Nycteribia

Scientific classification
- Kingdom: Animalia
- Phylum: Arthropoda
- Class: Insecta
- Order: Diptera
- Family: Nycteribiidae
- Subfamily: Nycteribiinae
- Genus: Nycteribia Latreille, 1796

= Nycteribia =

Genus of flies

Nycteribia is genus of insects within the family Nycteribiidae, comprising approximately 35 species, that exclusively parasitize the blood of bats.

== Description ==
Nycteribia do not have wings, but possess halteres and atrophied flight muscles, suggesting history of flight. Their bodies are divided into a flattened and shielded thorax, with six, tri-segmented, clawed appendages, and an ovular lower abdomen. Their heads are more narrow than other Hippoboscidae, which are attached dorsally to the anterior end of the thorax when at rest and when feeding, the head rotates in a half circle and protrudes forward to attach to the host.

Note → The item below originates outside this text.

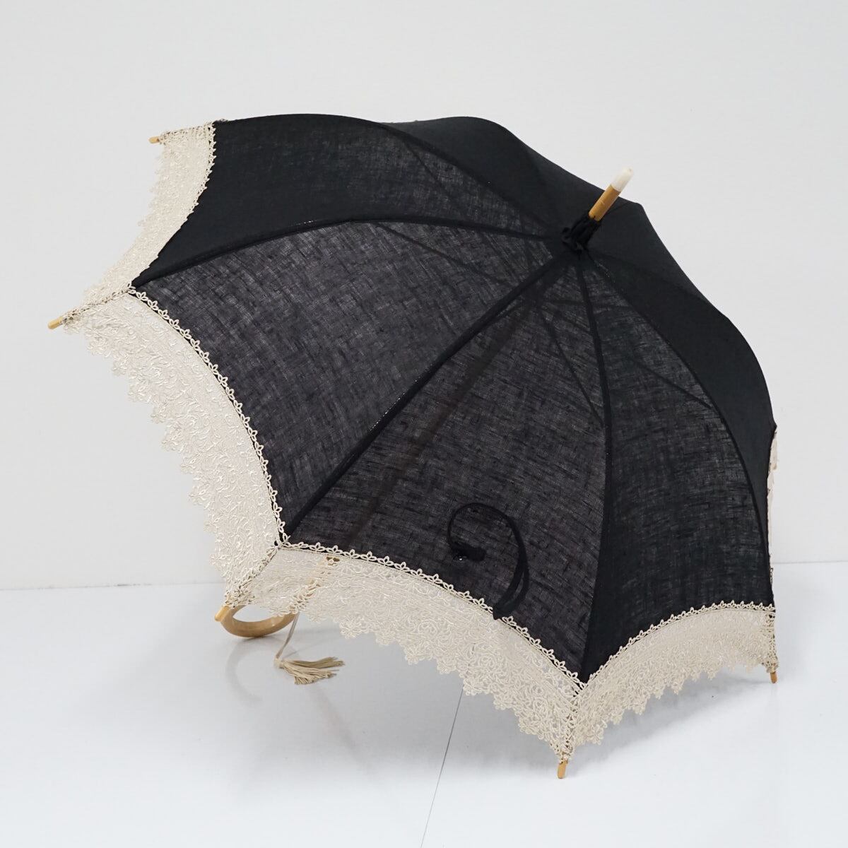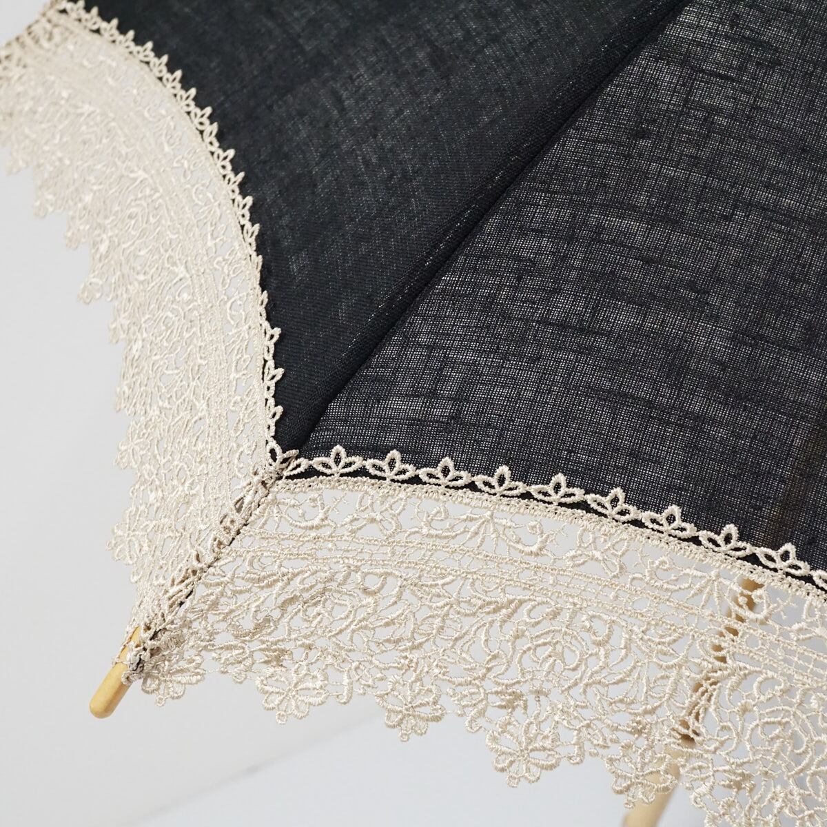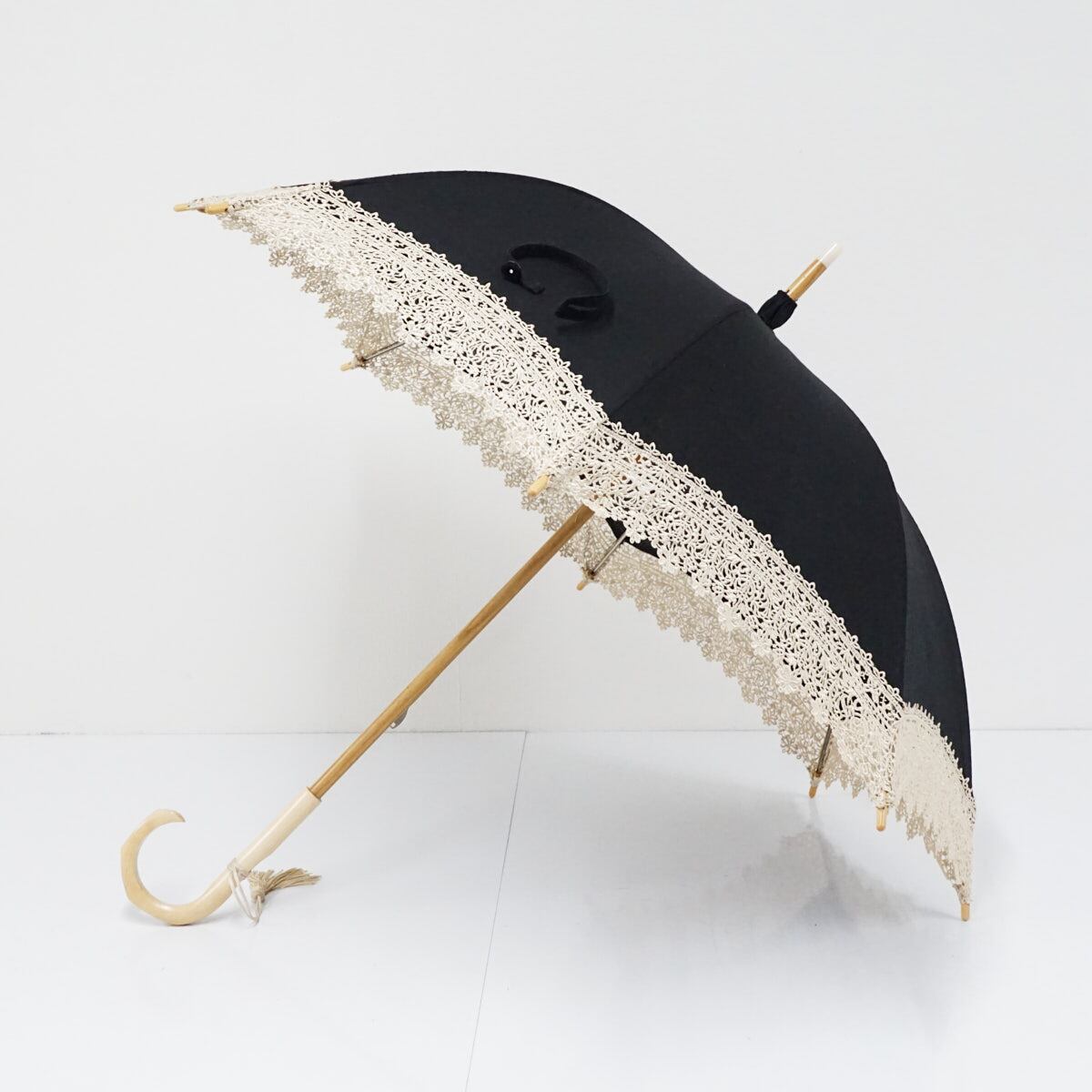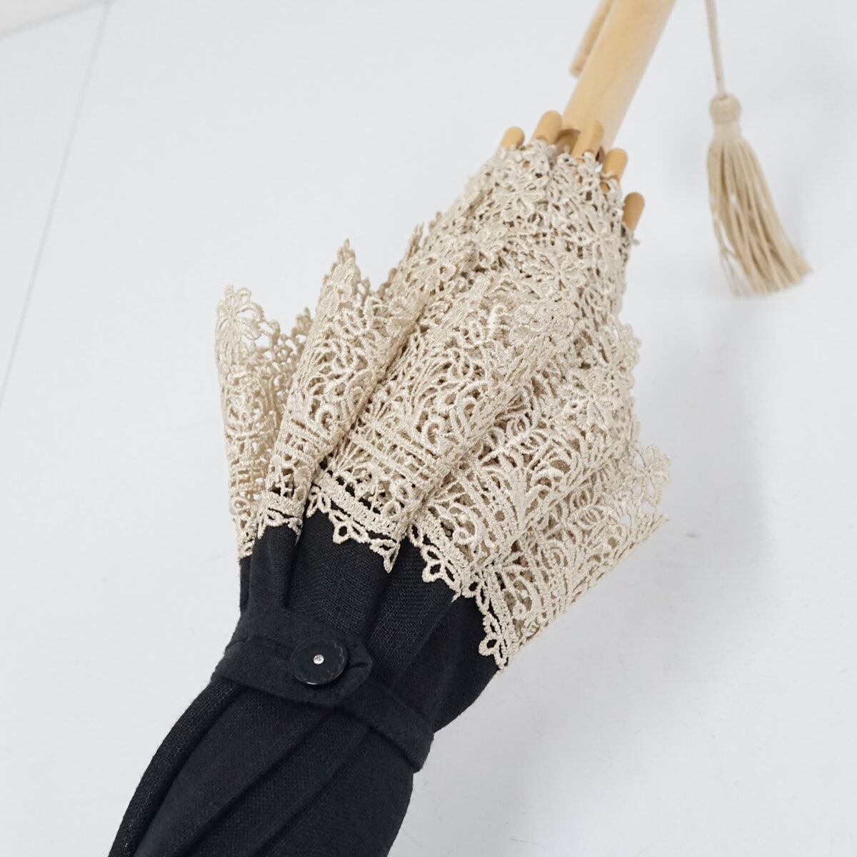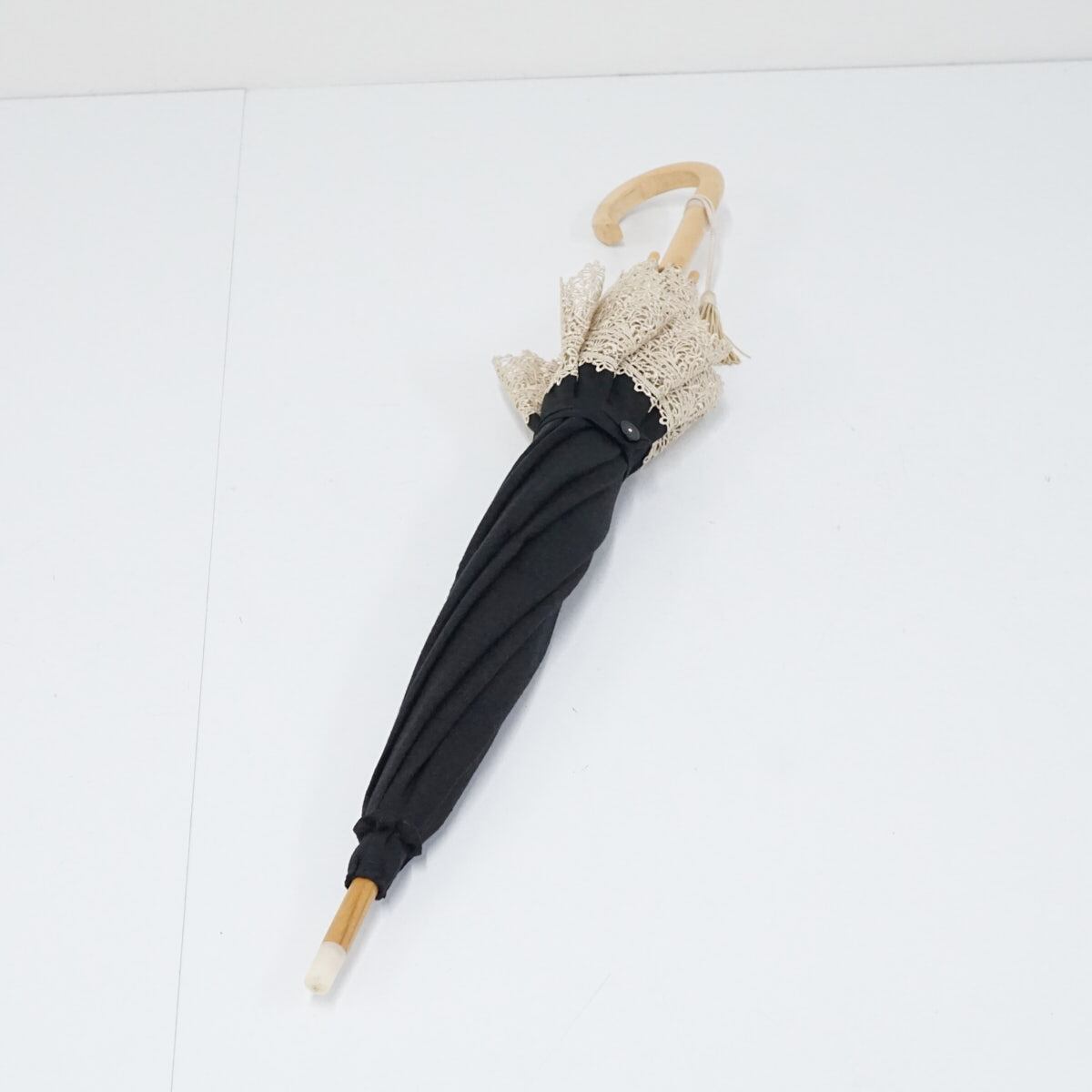高級日傘 USED美品 レース ブラック シンプル 天然木 47cm A2513

The Nycteribia's head is highly adapted from other Hippoboscidae; first, the eyes are primarily absent, or if present, reduced to a maximum of two eye facets. The antennae are reminiscent of other Hippoboscidae, composed of the a fused outer pedicle, with an inner flagellum. The proboscis (nose-like feeding structure) of the Nycteribia are also analogous to other Hippoboscidae, with the exception of the tormae, which are separately attached on the sides of the fronto-clypeus. To attach to the host, Nycteribia are covered in ctenidia, or small combs, which allow the insect to stick to the outer layer of fur, preventing them from being removed via grooming. The appendages of Nycteribia end in tarsal claws, which also allow for grasping and lateral movement on a host.

The species shows high host diet specificity. Specifically, frugivorous bat flies do not parasitize on animalivorous or insectivorous bat species, and a low number of microbat, the typically carnivorous bats, parasite species (Nycteribia stylidiopsis, Penicillidia fulvida, and (P. leptothrinax) are seen to exhibit general host infection, while still exhibiting specificity for host preference.

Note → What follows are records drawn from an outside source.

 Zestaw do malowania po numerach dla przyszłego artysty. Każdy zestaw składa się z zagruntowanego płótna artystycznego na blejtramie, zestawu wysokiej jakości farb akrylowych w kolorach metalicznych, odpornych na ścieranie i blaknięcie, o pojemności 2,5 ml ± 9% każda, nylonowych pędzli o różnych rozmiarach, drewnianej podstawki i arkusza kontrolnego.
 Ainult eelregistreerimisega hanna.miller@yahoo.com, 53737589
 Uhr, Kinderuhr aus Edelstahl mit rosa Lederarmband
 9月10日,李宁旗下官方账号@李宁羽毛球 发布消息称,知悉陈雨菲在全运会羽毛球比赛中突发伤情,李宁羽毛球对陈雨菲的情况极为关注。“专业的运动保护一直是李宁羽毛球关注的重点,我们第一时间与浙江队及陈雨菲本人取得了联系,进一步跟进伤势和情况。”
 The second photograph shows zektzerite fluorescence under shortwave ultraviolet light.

== Generalized life-cycle ==
The life-cycle of Basilia hispida, which follows typical life cycle of Nycteribia as compared with five other species, is analogous across the genus. Larval fertilization and development in Nycteribia occurs internally within the mother. Larvae, also called prepupae, are sustained within the mother through their first two larval molts by blood meals fed through the accessory glands. On the third molt they are deposited, named larviposition, through the female onto the host. The prepupae immediately pupate, which takes approximately 3-4 weeks, before hatching as fully mature adults. The adult life stage typically lasts 30-60 days and adults typically are produced in equal numbers of males and females. Nycteribia generally experience the highest postembryonic mortality in the adult phase, which is due to predation. Female Nycteribia, on average, are found to live longer than males.